REQUIRED WORK: Your reply should set down word for word each line below from the one with "Sırbistan Cumhurbaşkanı Aleksandar" through the final line, both included, but none of the pictures.

[Collection entries]
┄┄┄┄┄┄┄┄┄┄┄┄┄┄┄┄┄┄┄┄
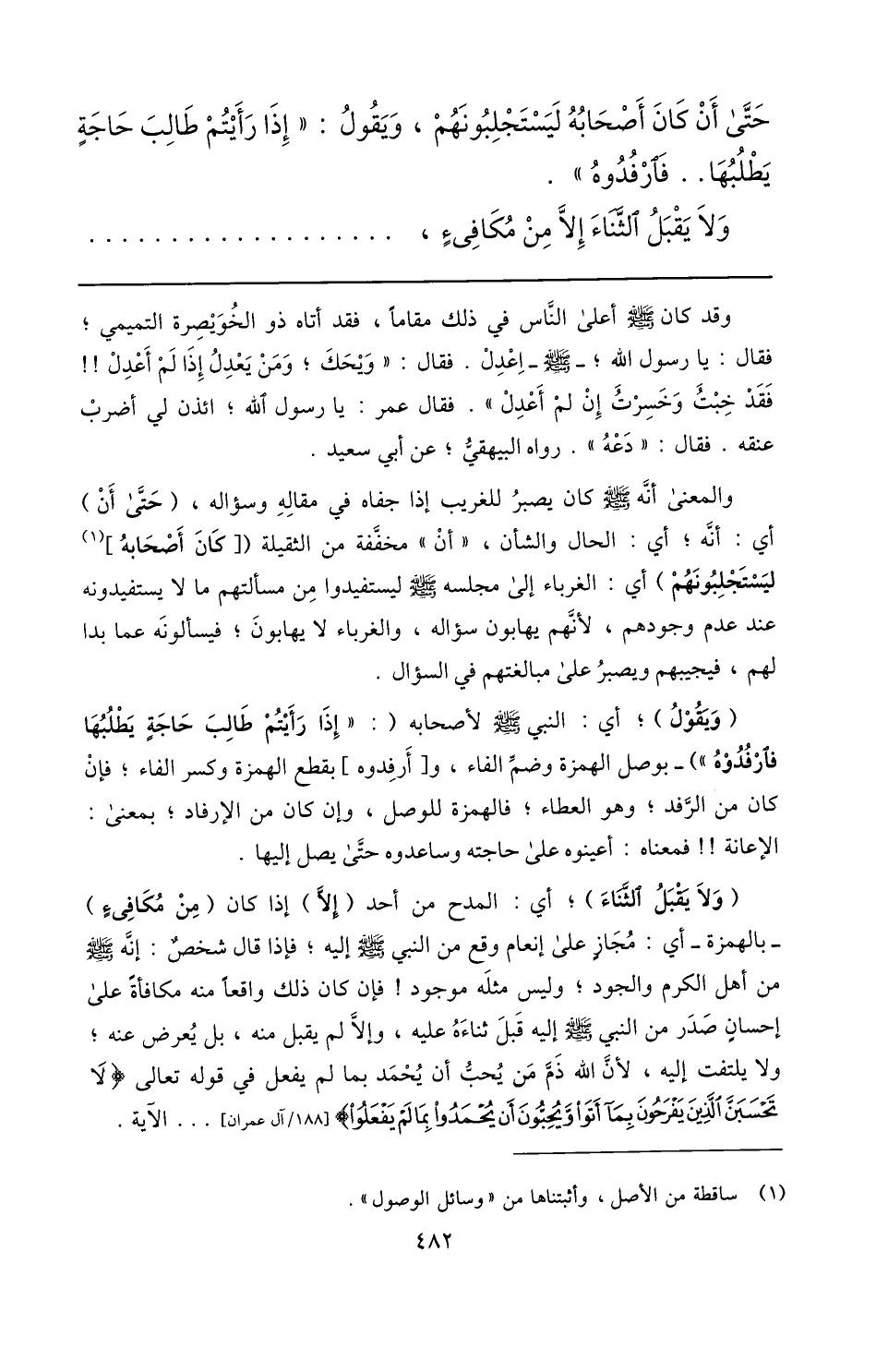 (ولا يقبل الثّناء) ؛ أي: المدح من أحد (إلّا) إذا كان (من مكافىء) - بالهمزة- أي: مجاز على إنعام وقع من النبي صلّى الله عليه وسلم إليه؛ فإذا قال شخص: إنّه صلّى الله عليه وسلم من أهل الكرم والجود؛ وليس مثله موجود! فإن كان ذلك واقعا منه مكافأة على إحسان صدر من النبي صلّى الله عليه وسلم إليه قبل ثناءه عليه، وإلّا لم يقبل منه، بل يعرض عنه؛ ولا يلتفت إليه، لأنّ الله ذمّ من يحبّ أن يحمد بما لم يفعل في قوله تعالى لا تَحْسَبَنَّ الَّذِينَ يَفْرَحُونَ بِما أَتَوْا وَيُحِبُّونَ أَنْ يُحْمَدُوا بِما لَمْ يَفْعَلُوا [188/ آل عمران] ... الآية.
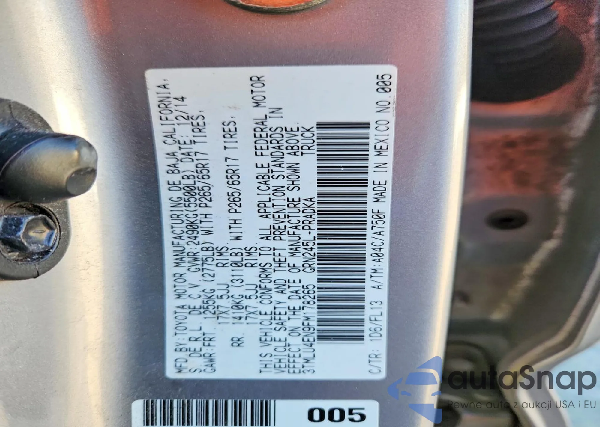 The car Toyota Tacoma 2015 (VIN 3TMLU4EN9FM178265) is sold by an unverified seller. We recommend checking the Carfax report and confirming registration possibilities before purchase.
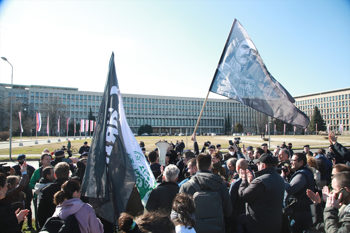 Sırbistan Cumhurbaşkanı Aleksandar Vucic’in, Devlet Günü vesilesiyle madalya dağıttığı sırada, Cumhurbaşkanlığı binasının çevresi protestocular tarafından 2 saat boyunca trafiğe kapatıldı.
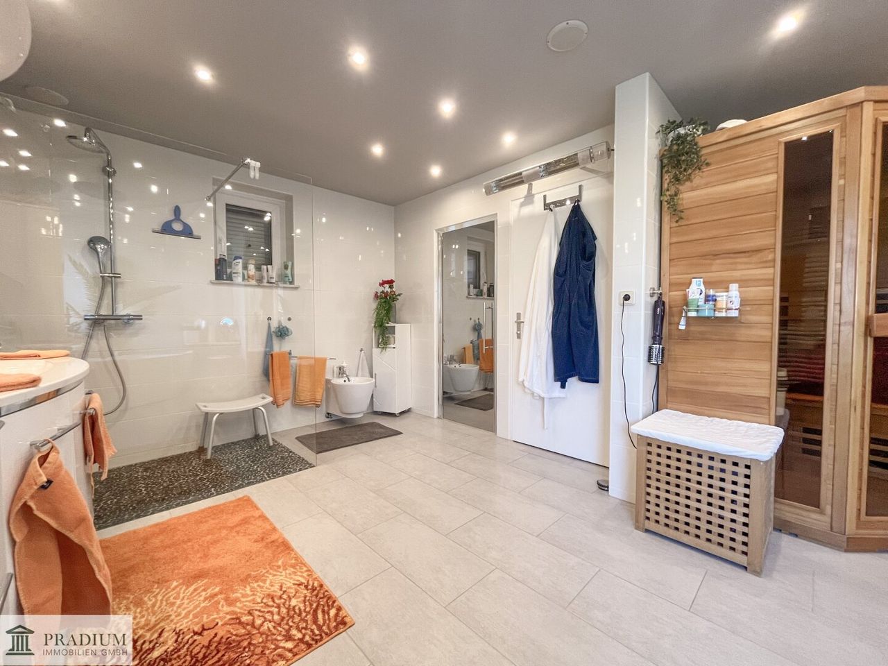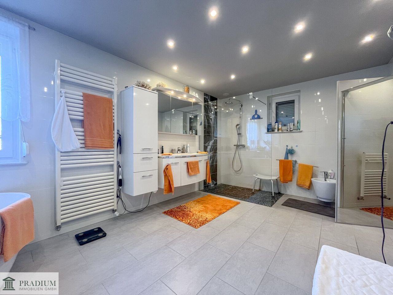 Hochwertige Sanierung des Badezimmers mit freistehender Badewanne und barrierefreier Dusche.
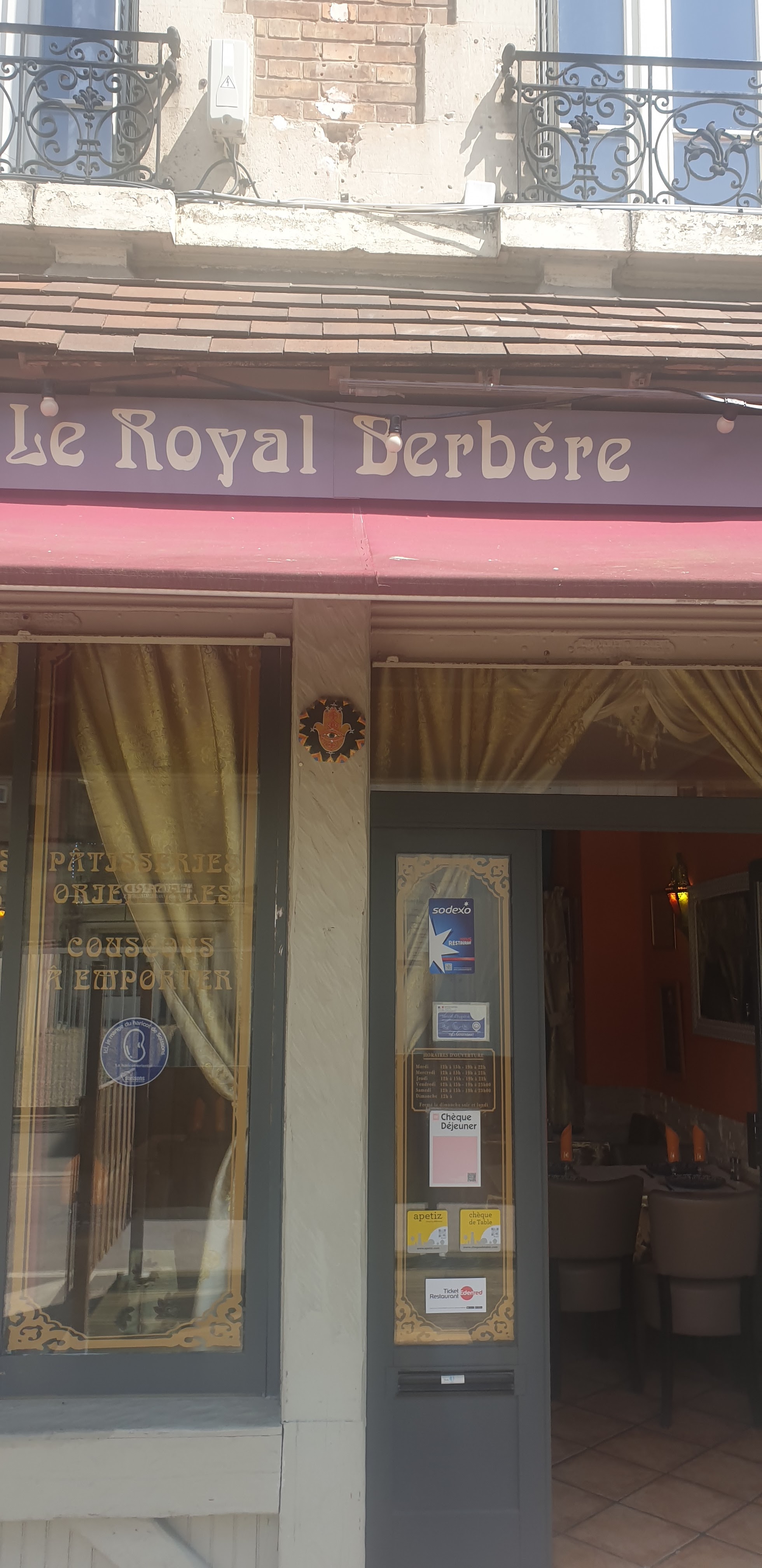 Voici toutes les informations sur le Restaurant marocain Le Royal Berbére qui ce trouve au 22 Rue du Pot d'Étain, 02200 Soissons (02). Sur cette fiche vous trouverez les photos, l'adresse, les horaires d'ouverture, le numero de téléphone et les avis clients.Vous pouvez églement rédiger un avis si vous le souhaitez en bas de page.
┄┄┄┄┄┄┄┄┄┄┄┄┄┄┄┄┄┄┄┄
ANSWER TO THIS EXERCISE:
 Sırbistan Cumhurbaşkanı Aleksandar Vucic’in, Devlet Günü vesilesiyle madalya dağıttığı sırada, Cumhurbaşkanlığı binasının çevresi protestocular tarafından 2 saat boyunca trafiğe kapatıldı.
 Hochwertige Sanierung des Badezimmers mit freistehender Badewanne und barrierefreier Dusche.
 Voici toutes les informations sur le Restaurant marocain Le Royal Berbére qui ce trouve au 22 Rue du Pot d'Étain, 02200 Soissons (02). Sur cette fiche vous trouverez les photos, l'adresse, les horaires d'ouverture, le numero de téléphone et les avis clients.Vous pouvez églement rédiger un avis si vous le souhaitez en bas de page.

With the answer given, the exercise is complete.